А позднее Белый Ус мне тоже добавил.

Когда из группы войск прибыл к нам, за черту Полярного круга. Когда мы отмечали это бутылкой выставленного им «костыля». Когда я, окосевший, вспомнил моё «распределение» на большом проспекте Васильевского острова. Когда начали мы наш печенегский напиток «спирт питьевой», шесть рублей полбанки. Когда…

В общем, сказал мне Мишаня:

– Ты б, чучело, ле-лементарно мог бы к нам в Дрезден попроситься. У твово батькиного корешка-то. Глядишь, не пришлось бы мне счас с тобой тут…

Вытер сухой глаз свой мокрой ладонью Мишаня, хлобыстнул полстакана «чистяка» и задумчиво протянул:

– Да…, надо от тебя, Вадя, в будущем, пожалуй, подальше…

Это ему не удалось.

А осовевший помначштаба встрепенулся, как бы проснувши, обвёл нас несколько помутневшим взором, как у пьяненького Рокуэла Кента, и вымолвил горделиво:

– Э, нет. Это хорошо, что нас сюда занесло. Хочу вас запечатлеть всех. На сопке у зениточки нашей, а?

Поповщина, более трезвый – ему в караул заступать, закончил:

– …все мы лежим пьянющие. Начинай малевать сейчас же, Мишка. А то, когда ещё в такой кондиции застанешь натурщиков.

А я тогда сидел между двумя Мишками. И загадал желание.

И вот Вам пишу, Друзья. Осуществляю.


А дальше предоставили отпуск. Денег дали по сотне рублей. На месяц. По тем временам, при наших запросах, да по тому юному здоровью – огромное богатство. Предоставили бесплатный проезд к месту отдыха и обратно к месту службы. Фантастично!

Небольшой компанией двинули в Молдавию. Там бывать никому не приходилось. В Дубоссары. На речку Днестр. Жучила слыхал, что там – рай. Кирагуду причмокивал и кивал башкой. Длиннющий худющий Тюшов откуда-то сверху попросил их, чтоб без обмана. Терминасов, Тером кликать будем, так короче, щёлкнул пальцами, «снимая» воображаемую колоду, успокоил Тюша:

– Не бзди, Санёк. Я знаю. Там, в Днестре, заместо воды – вино, молдаванки в нём плещутся, помидорами обожрёшься, в двери и по ширине проходить не будешь.

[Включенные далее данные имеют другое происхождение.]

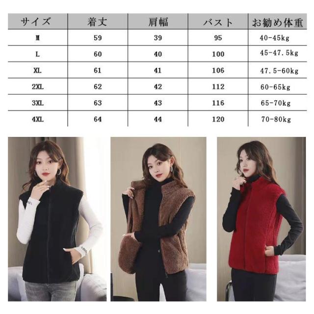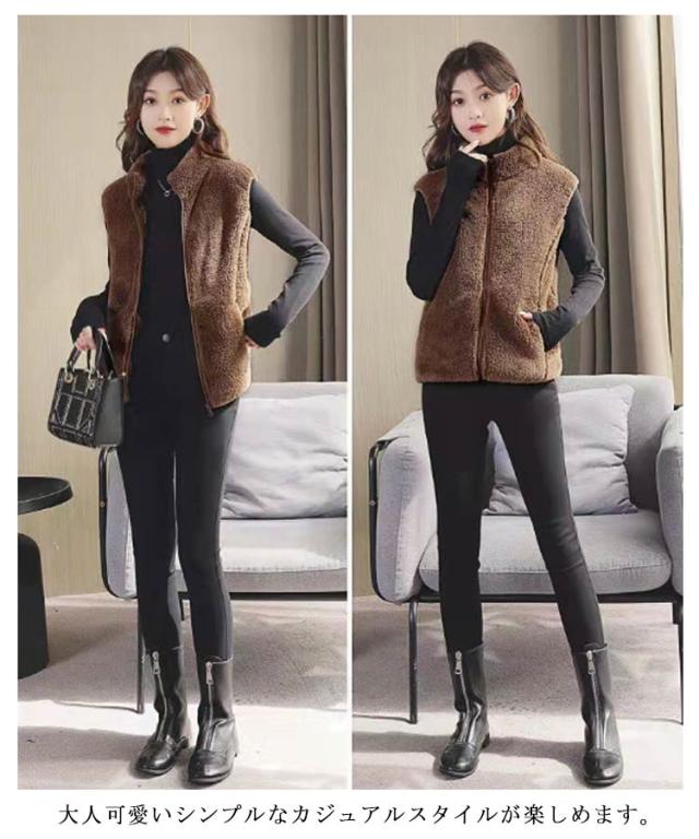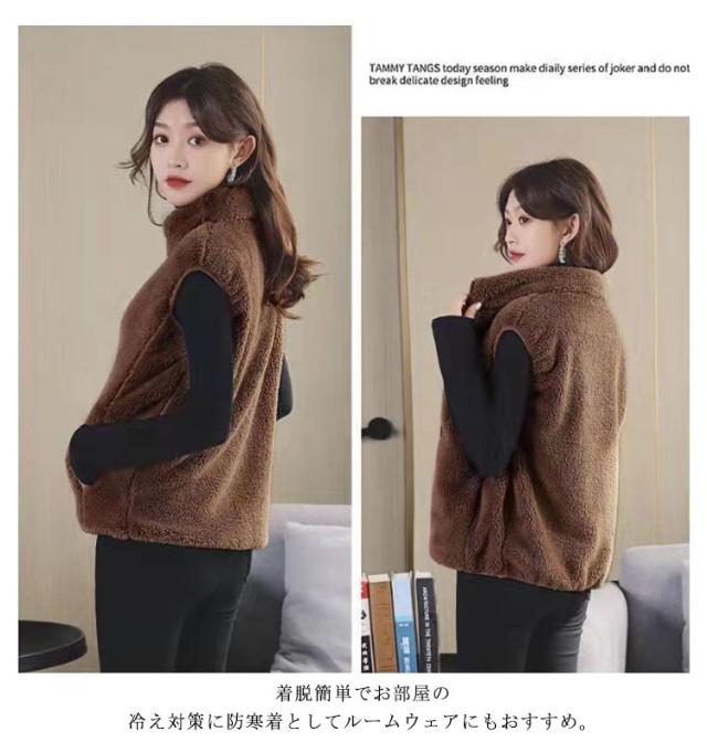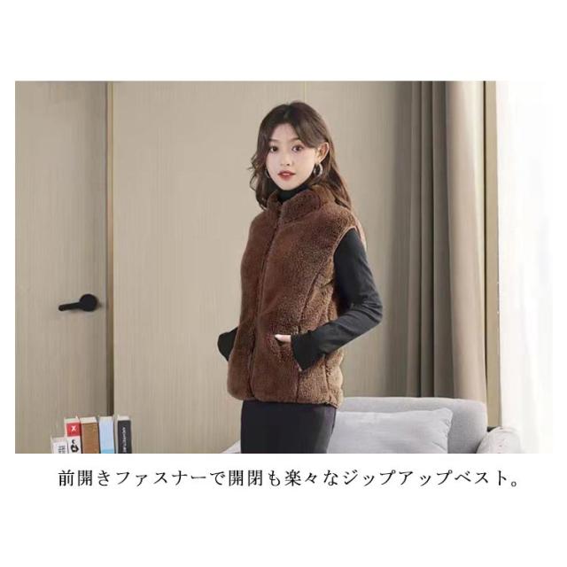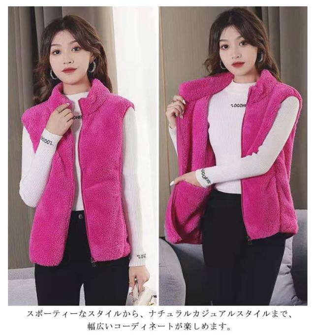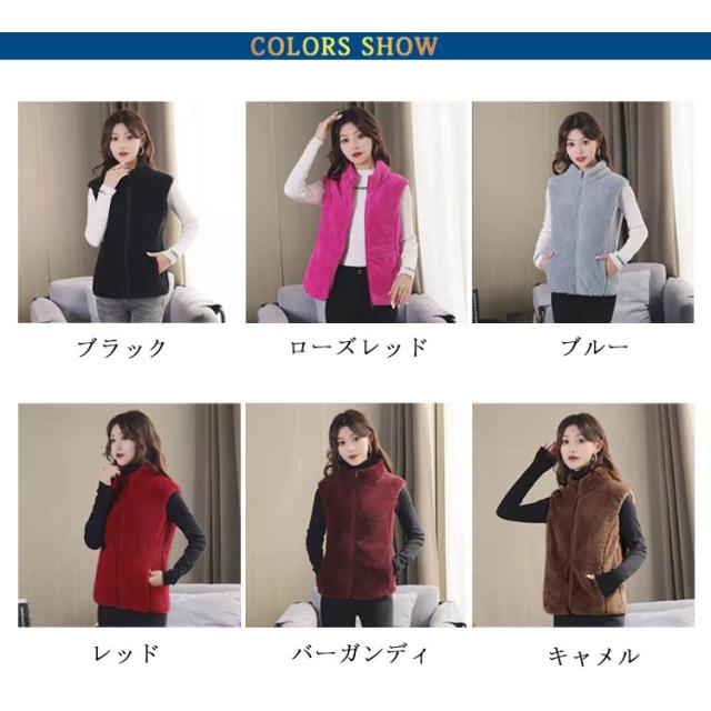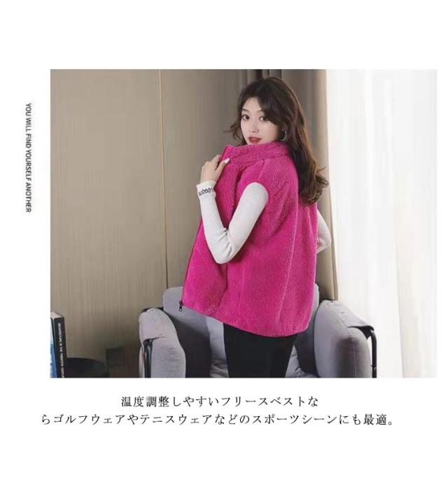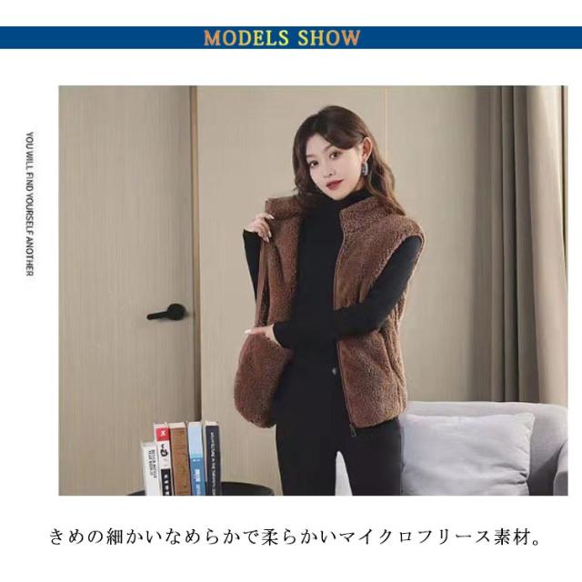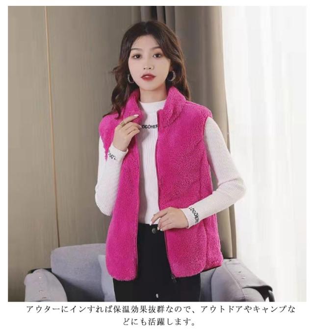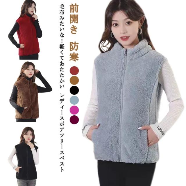 ボアベスト ボアジャケット フリースベスト レディース フリース ボア アウター ベスト 前開き スタンドカラー 立ち襟 ジップアップ 防寒 アウトドア 部屋着 ルームウェア 無地 大きいサイズ 秋 冬 40代 30代 50代

В принципе, сбылось, в основном, всё. Кроме последнего. От помидоров проклятых все мы, не только Тюш, вес сбавляли. Сразу же. Поэтому ограничились винищем. Однажды вдвоём с Жучилой пошли с утра на речку. Рано. Вроде искупаться. Да задержались. И где-то затерялись до вечера. Оба мы худого сложения и довольно роста скромного. Но точно помним, по сю пору, что осилили по восемь фугасов «Алиготе». Сейчас уже не верится в это. Но было.

Шлялись мы по Дубоссарам, со всех сторон подпевала нам молоденькая Ротару и были молдаване прекрасными добрыми ребятами.

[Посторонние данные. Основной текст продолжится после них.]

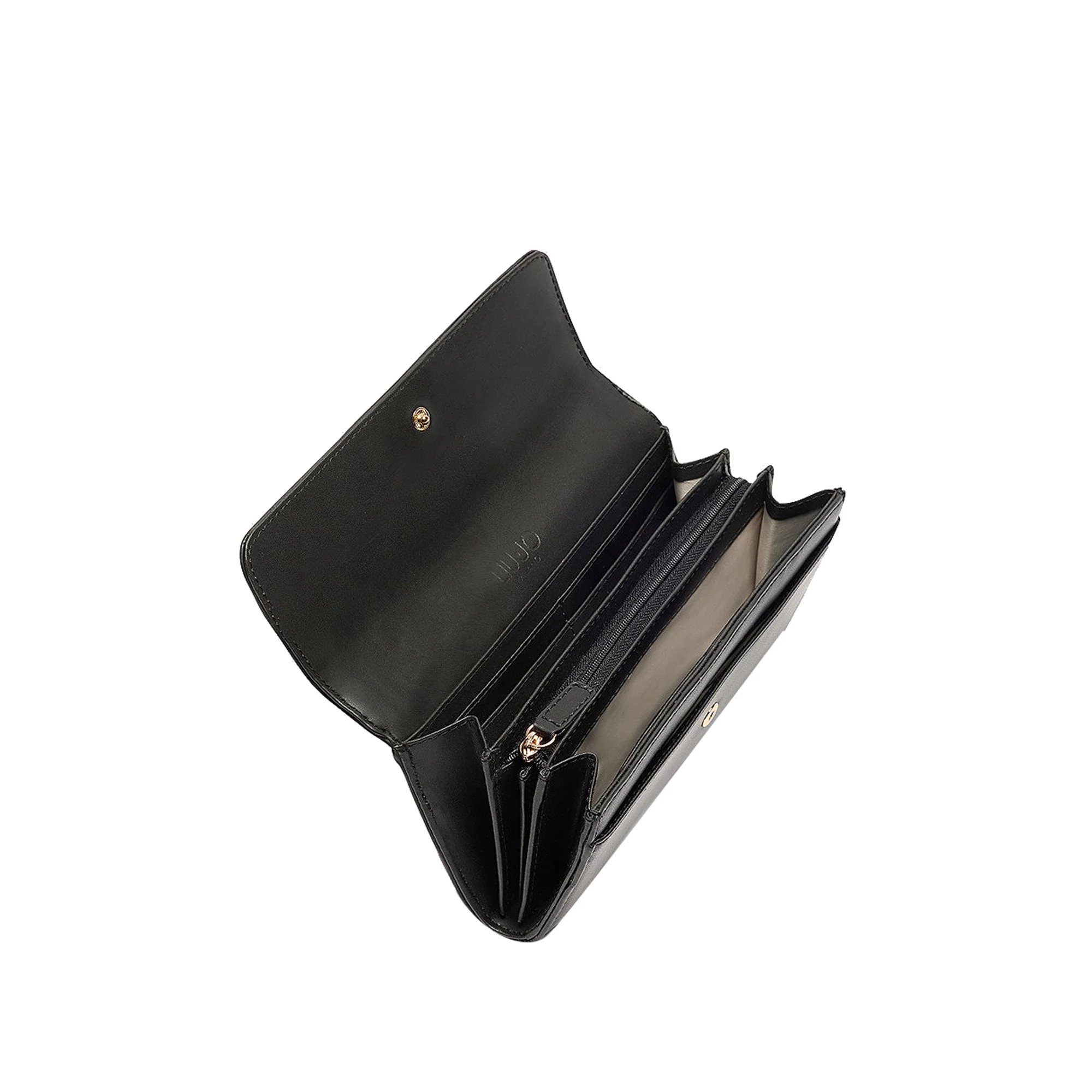 Il Portafoglio Grande da donna in tinta unita nera di Liu Jo è perfetto per chi ama la praticità e l’eleganza. Con il logo in metallo sul davanti, offre scomparti per tessere e banconote, una tasca con zip per le monete e si chiude con patta e bottone a pressione. Un accessorio essenziale per organizzare al meglio il proprio denaro con stile!

На речном песочке Тюшик «подкатился» к одиноко сидящей девушке. Если возможно так выразиться. Если шагает коломенская верста. За два метра ростом. С такой высоты, да ещё чуток близорукий, Тюшик ошибся. Думал молдаваночка местного розлива, оказалась вообще коренной ленинградкой с улицы Восстания. Зато не тушевался Кирагуду. Выждал с полчасика и увёл Лидку на долгие годы. В качестве первой своей половины.

Тюш не переживал, молоток! Попробовал побить наш с Жучилой рекорд. Насколько мы помним – не вышло. Рекорда. А может это мы с Бобом завысили реально выпитое.

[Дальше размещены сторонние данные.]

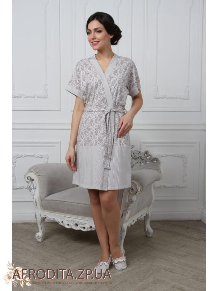 Халат жіночий "Emmi" 40146 з натуральної бавовни прямого силуету, з коротким рукавом, довжиною до коленаСостав: бавовна 80%, еластан 20%.
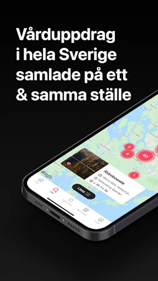 • Utifrån dina preferenser visar vi en lista med alla tillgängliga uppdrag.
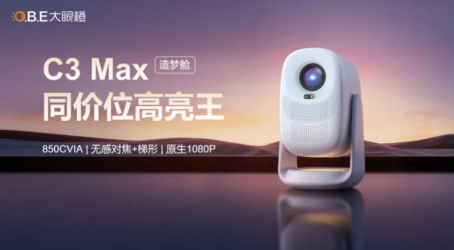面向大众消费市场,大眼橙同步推出C3 Max智能投影产品。该产品实测亮度达850 CVIA流明,支持原生1080P全高清分辨率,配备无感自动对焦与全自动梯形校正功能,在千元级产品中树立了体验新标杆,进一步降低高品质家庭影院的普及门槛,助力智能投影产品的消费下沉与体验升级。
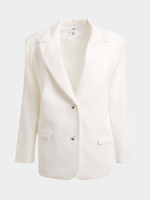 Introducing the effortlessly chic Jet White Oversized Blazer, crafted from a luxurious blend of linen, polyester, and rayon. This versatile piece exudes casual sophistication and is perfect for any occasion. With a relaxed fit and timeless design, this blazer is a must-have addition to your wardrobe.

Через пару недель уезжали сначала втроём. Жучила, Тер и я. Без единой копейки. В общем вагоне. Очень хотелось жрать. Вспоминали о валяющихся помидорах. Вдоль дорог советской Бессарабии. Тер сделал правой рукой несколько разминочных пассов. В Горном он был не из последних по префу. Кирагуду, Тер, Сирота[27] – украсили б сборную института. В поезде «Кишинёв – Ленинград» Тер оказался один. Мы с Жучилой, как говорится, имели право играть лишь в классе «Г». То есть под столом, неполной колодой. Пики с винями путали.

Тер пошёл по вагонам. И сел играть. В чужое купе. К незнакомым попутчикам. Чужой колодой!

Мы топтались в тамбуре. Стреляли покурить. Напоминали малых деток, чья мамка вышла на панель. Чтоб они не помёрли с голодухи. Сейчас вспоминаю: вообще-то не так, чтобы уж очень и смешно. По нынешним временам – быть нам всем в криминальной хронике.

А тогда Тер совершил невозможное. И выиграл, и живым ушёл, и деньги в клювике унёс, сводил нас никчёмных в вагон-ресторан, напоил и накормил! И тем сохранил свою и наши жизни для «действительной». Жук отматулил до института. Сержантом на Новой Земле. Тер отбывал под ружьё в Сибирь. Я – в Мурманск. Кирагуду – в Закавказский военный округ. Ванечка Леонтьев забрался дальше всех. На Чукотку. Савва влился, для укрепления, в знакомый нам Выборгский дивизион.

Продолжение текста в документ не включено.